» Your task: Two lines mark the range in the entries below: the one holding "鳥の観察について話を聞いてい" and the one holding "los efectivos de". Set down those two and all lines between them, exactly.

» Task material:
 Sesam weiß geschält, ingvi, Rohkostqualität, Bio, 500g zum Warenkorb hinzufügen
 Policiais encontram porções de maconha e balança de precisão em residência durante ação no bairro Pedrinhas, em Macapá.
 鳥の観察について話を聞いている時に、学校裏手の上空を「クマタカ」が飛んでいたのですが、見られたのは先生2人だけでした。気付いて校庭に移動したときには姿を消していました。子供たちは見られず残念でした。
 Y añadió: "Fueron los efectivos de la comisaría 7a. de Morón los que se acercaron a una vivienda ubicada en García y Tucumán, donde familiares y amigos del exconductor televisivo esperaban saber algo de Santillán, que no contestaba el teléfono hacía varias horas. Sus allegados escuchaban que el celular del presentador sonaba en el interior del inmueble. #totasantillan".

--

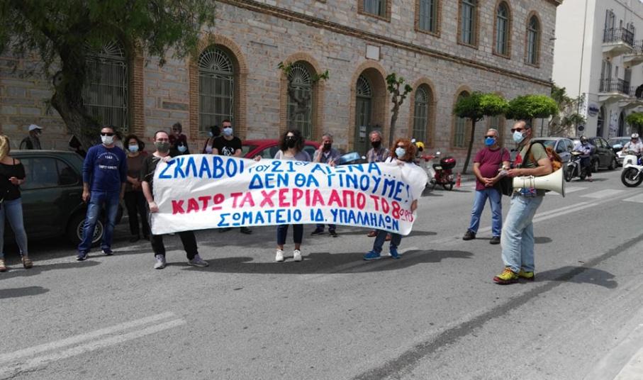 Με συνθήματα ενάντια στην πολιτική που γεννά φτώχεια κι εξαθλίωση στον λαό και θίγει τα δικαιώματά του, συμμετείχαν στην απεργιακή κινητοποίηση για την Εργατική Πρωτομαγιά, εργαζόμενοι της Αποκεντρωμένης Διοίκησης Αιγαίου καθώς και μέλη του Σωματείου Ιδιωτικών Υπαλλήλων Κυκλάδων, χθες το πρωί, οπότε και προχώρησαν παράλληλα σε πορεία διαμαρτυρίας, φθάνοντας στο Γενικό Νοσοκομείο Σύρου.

* * *

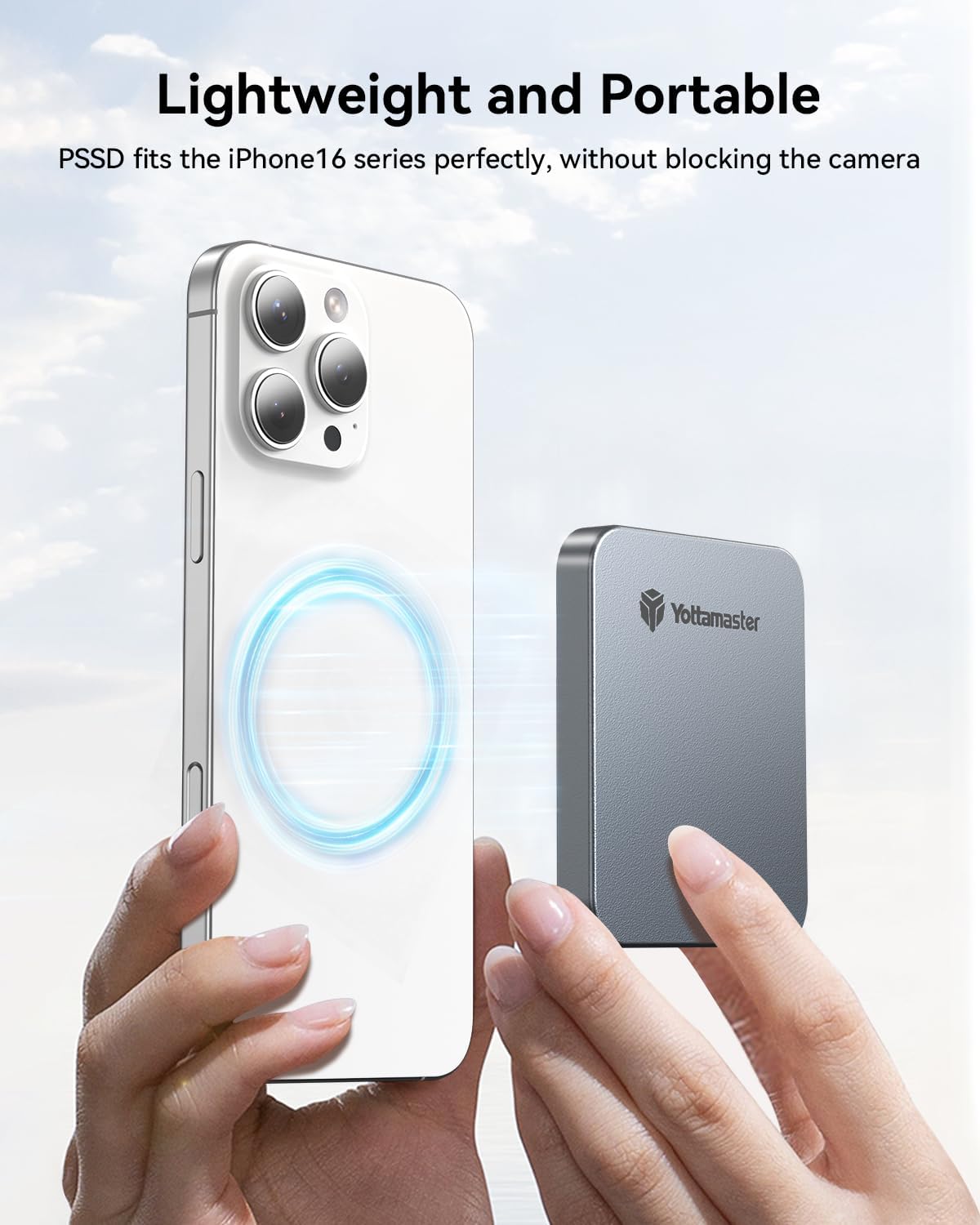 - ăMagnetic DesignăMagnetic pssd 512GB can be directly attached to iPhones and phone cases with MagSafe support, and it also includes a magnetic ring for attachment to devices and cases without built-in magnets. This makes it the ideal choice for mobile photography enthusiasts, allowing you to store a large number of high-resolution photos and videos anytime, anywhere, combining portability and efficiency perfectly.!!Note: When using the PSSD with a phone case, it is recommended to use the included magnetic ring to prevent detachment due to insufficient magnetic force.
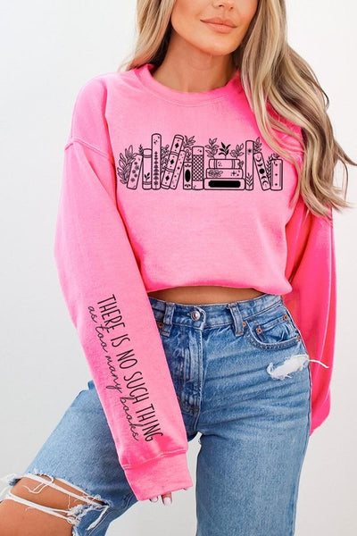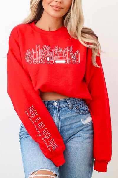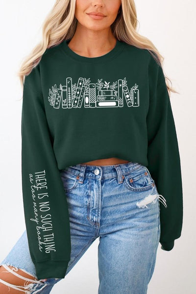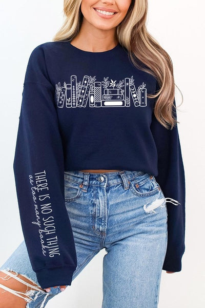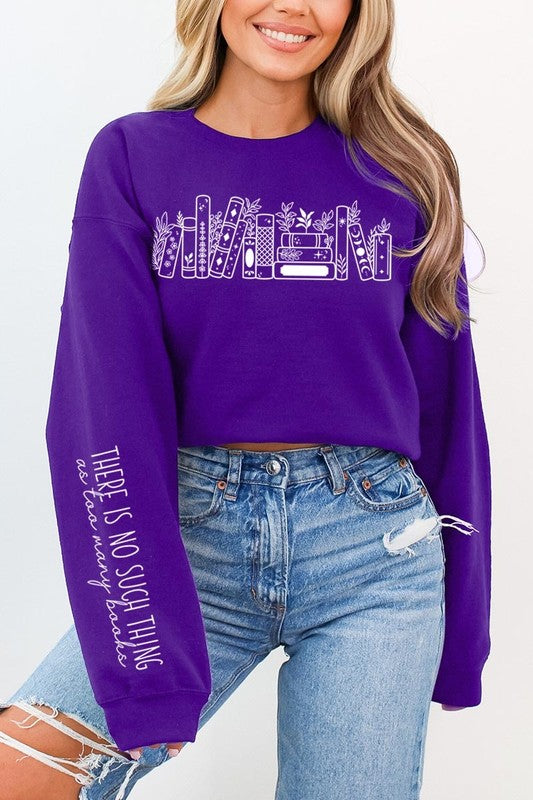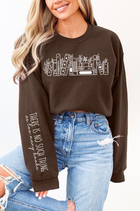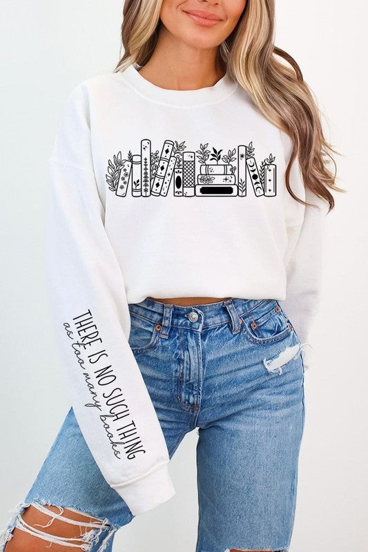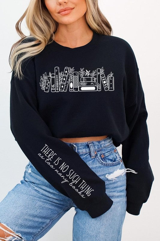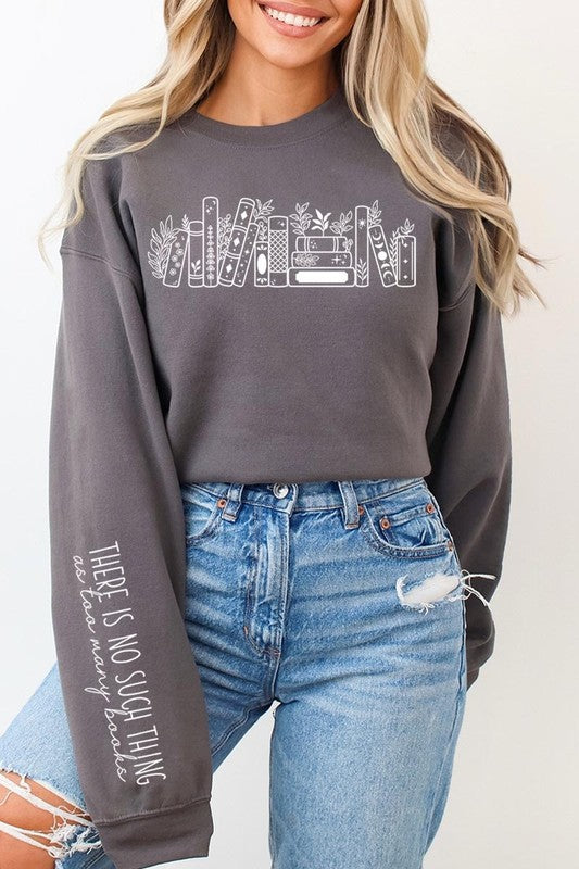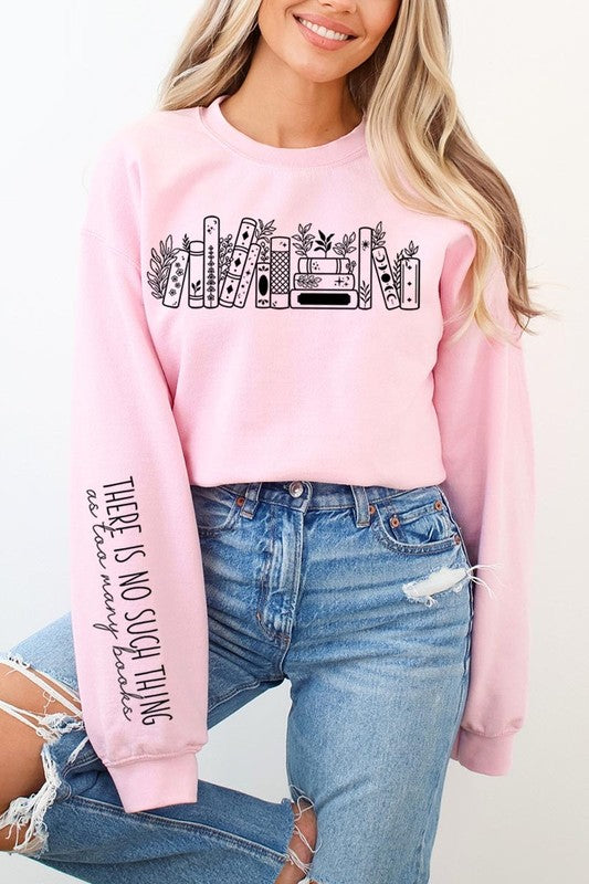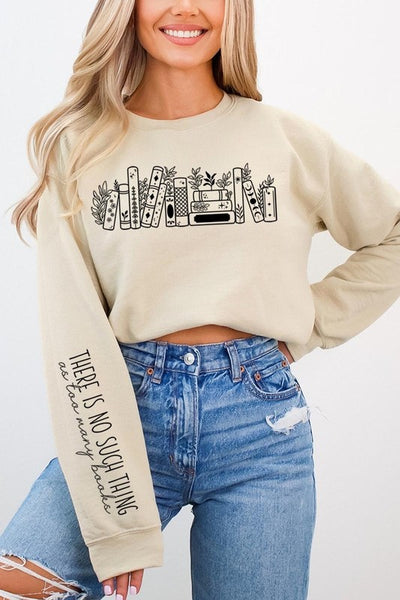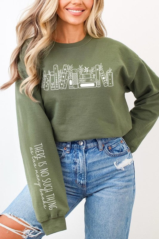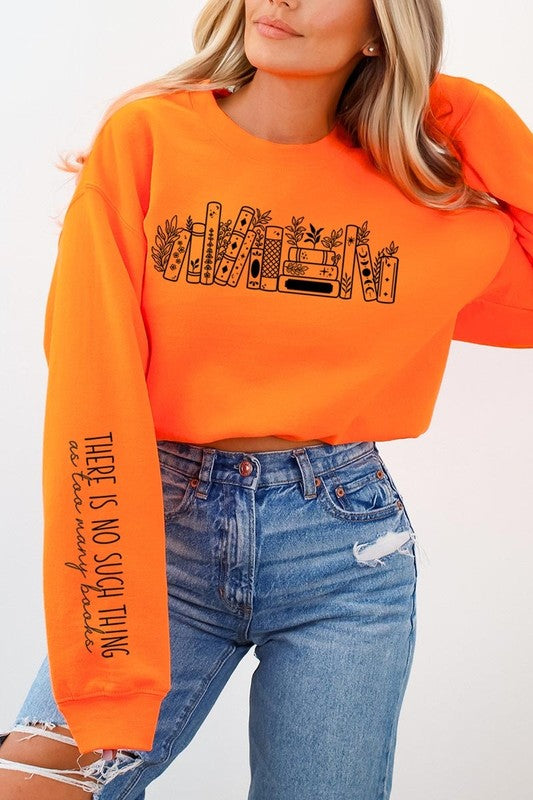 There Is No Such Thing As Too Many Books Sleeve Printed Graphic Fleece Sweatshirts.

» Response to this task:
 鳥の観察について話を聞いている時に、学校裏手の上空を「クマタカ」が飛んでいたのですが、見られたのは先生2人だけでした。気付いて校庭に移動したときには姿を消していました。子供たちは見られず残念でした。
 Y añadió: "Fueron los efectivos de la comisaría 7a. de Morón los que se acercaron a una vivienda ubicada en García y Tucumán, donde familiares y amigos del exconductor televisivo esperaban saber algo de Santillán, que no contestaba el teléfono hacía varias horas. Sus allegados escuchaban que el celular del presentador sonaba en el interior del inmueble. #totasantillan".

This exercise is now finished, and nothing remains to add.